What Makes a Good LLM Agent for Real-world Penetration Testing?

LLM-based agents show promise for automating penetration testing, yet reported performance varies widely across systems and benchmarks. We analyze 28 LLM-based penetration testing systems and evaluate five representative implementations across three benchmarks of increasing complexity. Our analysis reveals two distinct failure modes: Type A failures stem from capability gaps (missing tools, inadequate prompts) that engineering readily addresses, while Type B failures persist regardless of tooling due to planning and state management limitations. We show that Type B failures share a root cause that is largely invariant to the underlying LLM: agents lack real-time task difficulty estimation. As a result, agents misallocate effort, over-commit to low-value branches, and exhaust context before completing attack chains. Based on this insight, we present Excalibur, a penetration testing agent that couples strong tooling with difficulty-aware planning. A Tool and Skill Layer eliminates Type A failures through typed interfaces and retrieval-augmented knowledge. A Task Difficulty Assessment (TDA) mechanism addresses Type B failures by estimating tractability through four measurable dimensions (horizon estimation, evidence confidence, context load, and historical success) and uses these estimates to guide exploration-exploitation decisions within an Evidence-Guided Attack Tree Search (EGATS) framework. Excalibur achieves up to 91% task completion on CTF benchmarks with frontier models (39 to 49% relative improvement over baselines) and compromises 4 of 5 hosts on the GOAD Active Directory environment versus 2 by prior systems. These results show that difficulty-aware planning yields consistent end-to-end gains across models and addresses a limitation that model scaling alone does not eliminate.

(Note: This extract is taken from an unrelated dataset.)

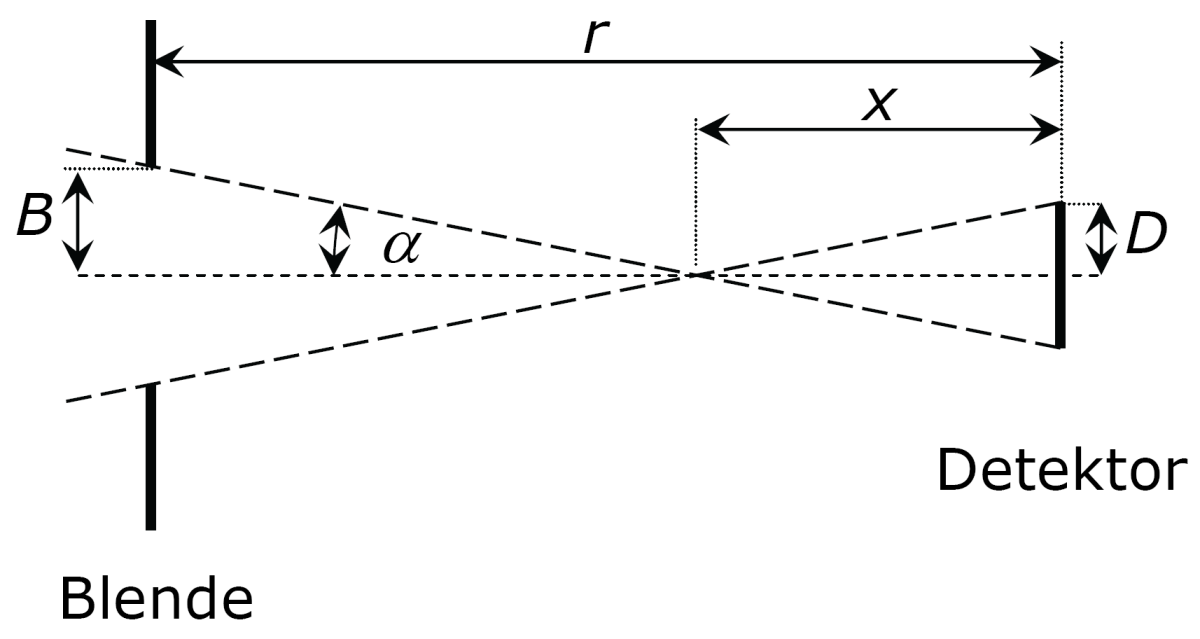 Detektor und Blende sind im Abstand r angeordnet. Der Radius des Detektors ist D, der Radius der Blende ist B. ist der größtmögliche halbe Gesichtsfeldwinkel.
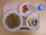 【今日のメニュー】 ソース焼きそば 牛乳 卵スープ いかのチリソース 【食材...

翻译：基于大语言模型（LLM）的智能体在自动化渗透测试方面展现出潜力，但不同系统和基准测试中报告的性能差异巨大。我们分析了28个基于LLM的渗透测试系统，并在三个复杂度递增的基准测试中评估了五个代表性实现。我们的分析揭示了两种不同的失败模式：A类失败源于能力差距（工具缺失、提示不足），这类问题可通过工程手段轻松解决；而B类失败则因规划和状态管理的局限性，无论工具配置如何都会持续存在。我们发现，B类失败共享一个根本原因，该原因在很大程度上与底层LLM无关：智能体缺乏实时任务难度评估能力。因此，智能体错误分配精力，过度投入低价值分支，并在完成攻击链之前耗尽上下文容量。基于这一洞见，我们提出了Excalibur——一个将强大工具集与难度感知规划相结合的渗透测试智能体。其工具与技能层通过类型化接口和检索增强知识消除了A类失败；任务难度评估（TDA）机制通过四个可量化维度（范围估计、证据置信度、上下文负载和历史成功率）评估任务可解性，并利用这些评估结果在证据引导的攻击树搜索（EGATS）框架内指导探索-利用决策。Excalibur在CTF基准测试中使用前沿模型实现了高达91%的任务完成率（相对基线提升39%至49%），并在GOAD Active Directory环境中成功入侵5台主机中的4台，而先前系统仅能入侵2台。这些结果表明，难度感知规划能在不同模型间带来一致的端到端性能提升，并解决了仅靠模型缩放无法消除的局限性。